'My priority is a new political party and movement in this country that wants to stand up for the interests of ordinary people.’ These were the words of UKIP’s grinning frontman, Nigel Farage, on the BBC the weekend after UKIP won 139 new council seats in the local elections. During the interview, the man who so dislikes immigrants, the EU and wind turbines presented himself as genuinely anti-establishment, distinguishing his party from the elite and remote Westminster vacuum by emphasising the working-class background of some candidates and describing himself as ‘someone who wants to do something’ rather than ‘someone who wants to be something’.
Of course, Farage would love to be part of the Westminster elite every bit as much as the next grey-suited, privately-schooled City trader. His own background is about as establishment as you get. And it didn’t take much by way of dirt-digging to uncover some UKIP candidates as the knife-in-teeth baring holocaust deniers that are so familiar to sub-cultures of the right. It’s clear that UKIP is sprinkling the kind of people who might have flirted with the BNP a few years ago with Farage fairy dust and providing them with a place of amelioration.
Right-wing Tories are using UKIP’s election success as a convenient reason to advance their own anti-EU, anti-immigration agenda, but there are other elements of Farage’s success that are worth reflecting on. In particular, UKIP’s focus on issues that affect people’s daily lives; Farage’s frequent citing of class; and the way he has separated himself from the austerity-obsessed political mainstream. While this can all be dismissed as a cynical bandwagon hitch, Farage is adept at making it look sincere. In doing so he is occupying space that should be the terrain of the left.
The insipid ‘one nation’-ism Ed Miliband took from the Tories will go no way to establishing Labour as a party that can challenge the elite; it is just a bland endorsement of a slightly less painful cuts agenda. The Green Party is articulating something different: a vision of social and environmental justice that challenges the market economy, rather than being co-opted by it. Yet despite this, its councillors have still acted as austerity enforcers at the local level, albeit unwillingly.
Recently in Brighton and Hove, where a minority administration runs the first Green-led council in Britain, a dispute over low-paid council employees’ wages caused a rift between the local Green Party and Green council leader Jason Kitcat. The experiences in Brighton have not so far provided an inspiring example of the difference a Green council could make, especially when compared with the resistance of some Labour councillors during the 1980s battles over rate-capping (see Mike Marqusee, page 14).

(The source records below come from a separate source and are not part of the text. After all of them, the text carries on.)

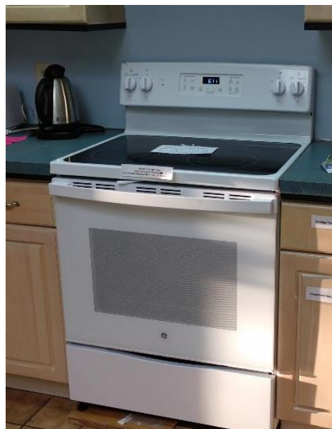
And in with the new!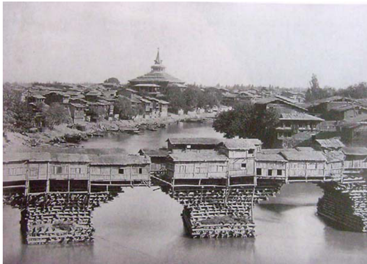
Downtown, Srinagar.

Earthquakes of 1864 and 1885 and their aftershocks gave sleepless nights to Kashmiris for months together. Though the population of the valley was very thin then, still the shocks took a heavy toll of life. During the earthquake of 1885, Baramulla and Pattan areas were badly affected.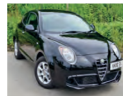
2016 Alfa Romeo MiTo 0.9 TB TwinAir Progression, VK16 SFJ, Black, 2,563 miles, £9,950. Climate Control, 5in Touchscreen, Voice Recognition, 15in Alloys, One-Touch Front Windows, TPMS.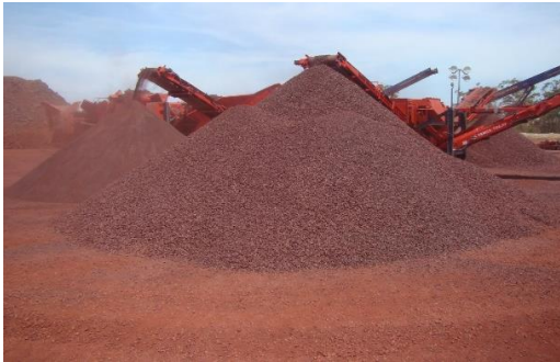
Crusher and ROM stockpiles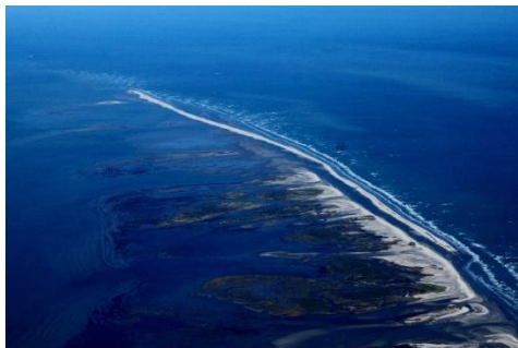
E4 Berm – November 7, 2010

Note: Under Construction represents linear footage of berm placed; all material may not yet conform to elevation +6.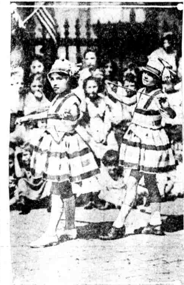
YANKEE DOODLE DANCE. This was a part of the entertainment given yesterday afternoon at the Rush School, Fifth street and Snyder avenue.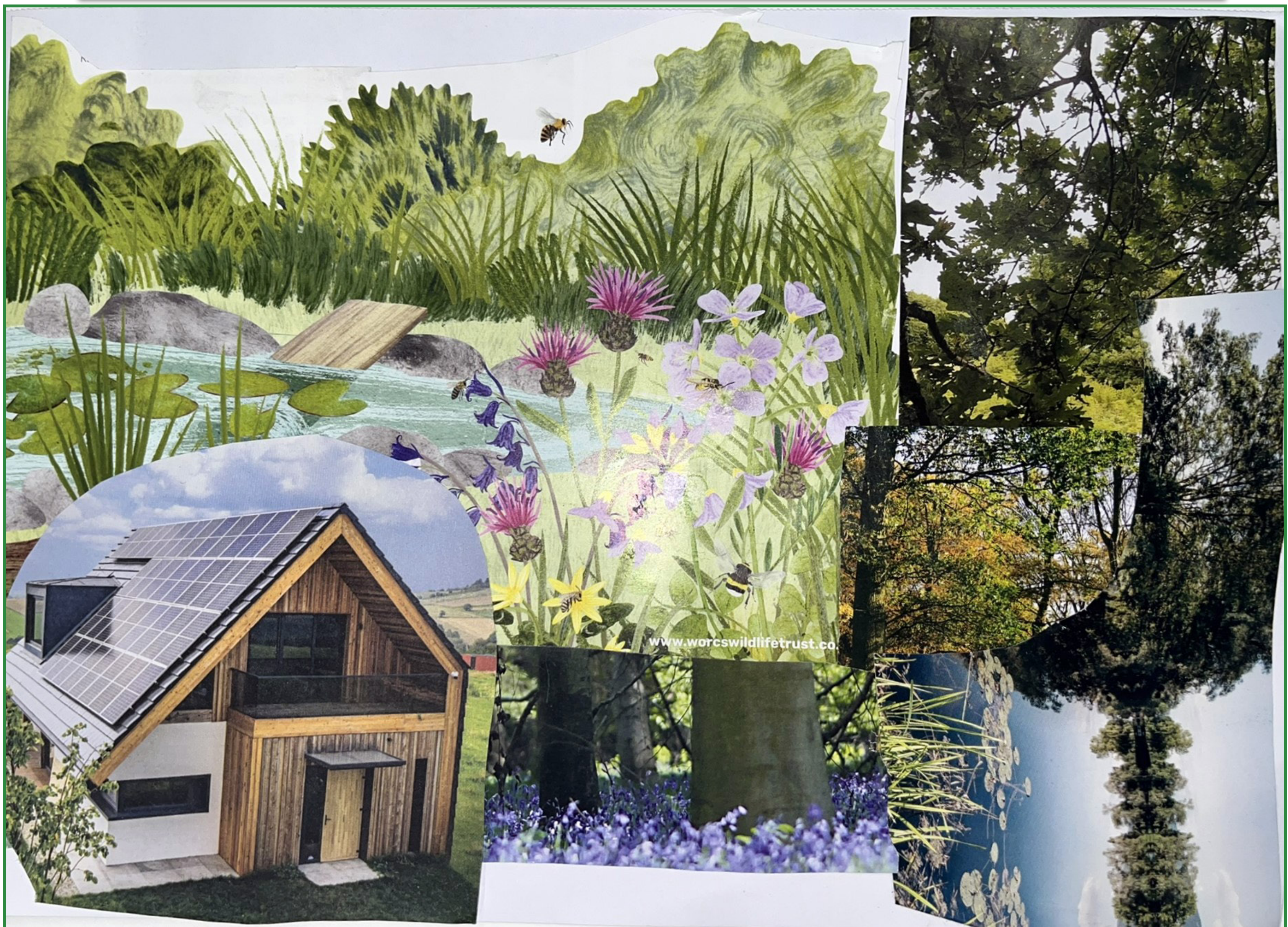
Here in 2035, it is very good and there are hardly any problems with food gardens and unlimited water, small roads, hardly any personal cars and no-one has to go to work. Also, all houses are cosy and have nice big garden space and solar panels.

Writing and artwork by 5th Worcester Sea Scouts, April 2024.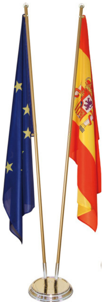
DIPLO gold 2 poles

Many parts of the left have sought to offer an anti-establishment alternative outside party political spheres. The Occupy movements formed in an explosion of popular energy that was directed against a corporate co-option of politics. Other campaigns, such as Boycott Workfare and Fuel Poverty Action, begin with people’s lived experiences (either of unemployment or the inability to heat their homes) and offer sharp critiques of the corporate capture of the state. Last year, Fuel Poverty Action held a demo with about 50 members of the Greater London Pensioners’ Association. The group, along with No Dash For Gas, recently attended the pensioners’ AGM, where a motion was passed that condemned both the deaths of thousands of people every year from fuel poverty and the extortionate profits of the big six energy companies.
Such grounded struggles are seen by many on the UK left as the foundation for wider change. With attacks on every front, local struggles are making links and, at least informally, see themselves as engaged in a wider, systemic resistance. Too often, though, there is a gulf between these groups and national initiatives that do not always pay enough attention to the transformative potential of what is emerging from grassroots groups.
Hilary Wainwright urges us to pay more attention to the strategic importance of the local. Potentially it is where the forces for radical and egalitarian change are able to reach out to a wider public, including some of the people UKIP appeals to. It is here that there is an underestimated potential for the left to challenge dominant ideas. But these struggles need support and wider platforms.
Farage only talks of taking on big business, but groups like Boycott Workfare and Fuel Poverty Action actually do so. When the People’s Assembly gathers on 22 June, the organisers would do well to make sure it is a space in which the demands of working-class communities are heard and where the people assembling are able to plan a resistance that challenges the day-to-day impacts of capital. That would be a real anti-establishment politics.
Emma Hughes is a member of Red Pepper's editorial collective. She also works as a campaigner with environmental justice organisation Platform.